We were curious about why you didn’t talk about the book that ass read to his daughters. The story of Hansel and Gretel and the witch being burden in the oven must have been significant. Please tell us about that
The short answer is that I got back from the theater and there’s only so much that stays in my head lol. Now that you mention it, I do remember telling myself to remember that. Specifically because of the oven. But then completely forgot.
I think the answer here is the most obvious one. It’s ties to the obliviousness that the family has to have to live how they do. In the story, the villain is the one who puts people in the oven. Yet here they read this story without seemingly ever considering that they’re the “witch”. There’s that mental wall that’s as tall and effective as the real wall that divides the quaint home-life with the horrors on the concentration camp.
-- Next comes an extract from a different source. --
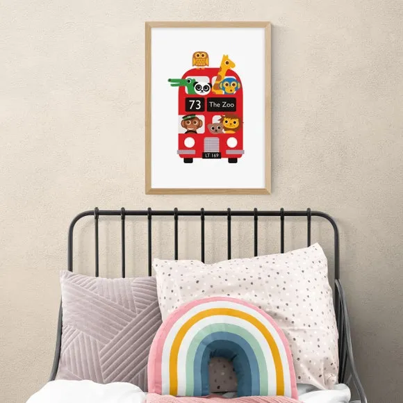 * Artwork by Dicky Bird* Fun animal design* Portrait orientation* Printed on 210gsm acid-free archival paper* Available in A1, A2, A3 & A4 size* Frame options: black, white and oak wood effect* Available in unframed option Complete a playroom, nursery or bedroom with the bright primary colours and simple bold graphic design of this artwork by Dicky Bird. Made using a Giclee printing process to prevent fading, this children’s print features a London bus with adorable cartoon animals and will stay vibrant for years to come. Each design is available in four print sizes and a variety of frame options, including unframed, so you can display your artwork however you wish.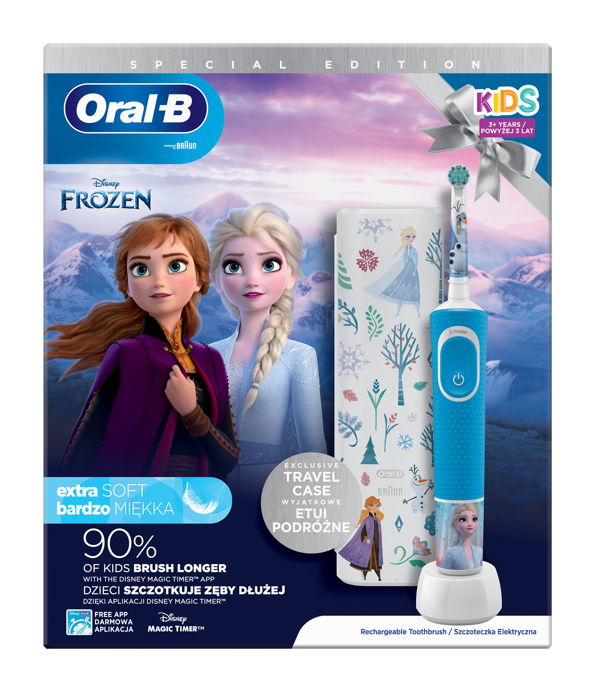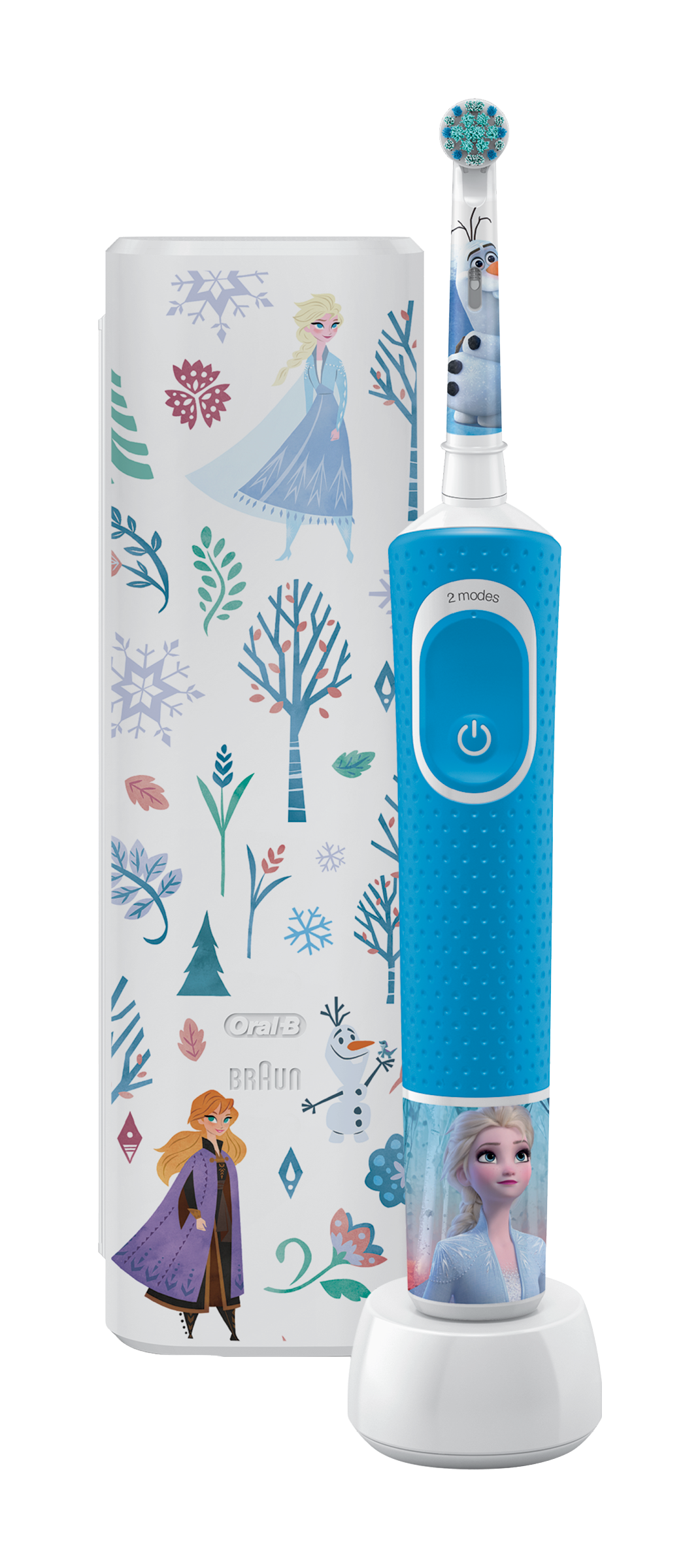 Elektrický zubní kartáček Oral-B Kids 3+ pobaví děti motivem z Disney Ledového království a jako produkt doporučovaný zubními lékaři současně vyčistí zuby šetrně a účinně. Tento kartáček má 2 režimy čištění včetně unikátního jemného režimu pro děti, takže dětské zoubky čistí opravdu šetrně. Odstraňuje více zubního plaku než běžný manuální zubní kartáček. K dispozici jsou čtyři samolepky s motivy Disney Ledového království na vylepšení rukojeti.

Sorry, but you’re just wrong. Inaccurate. The Hoss family adults aren’t playing ignorant to what’s happening next door, they’re active participants. They choose to benefit from it. Hoss works inside the camp every day. Hedwig makes flippant comments about “the Jews over the wall” and how clever they are for hiding diamonds in toothpaste. She loves t getting clothes, lipstick and fur coats taken from the inhabitants. She is very well aware and enthusiastic about the murder going on in the camp.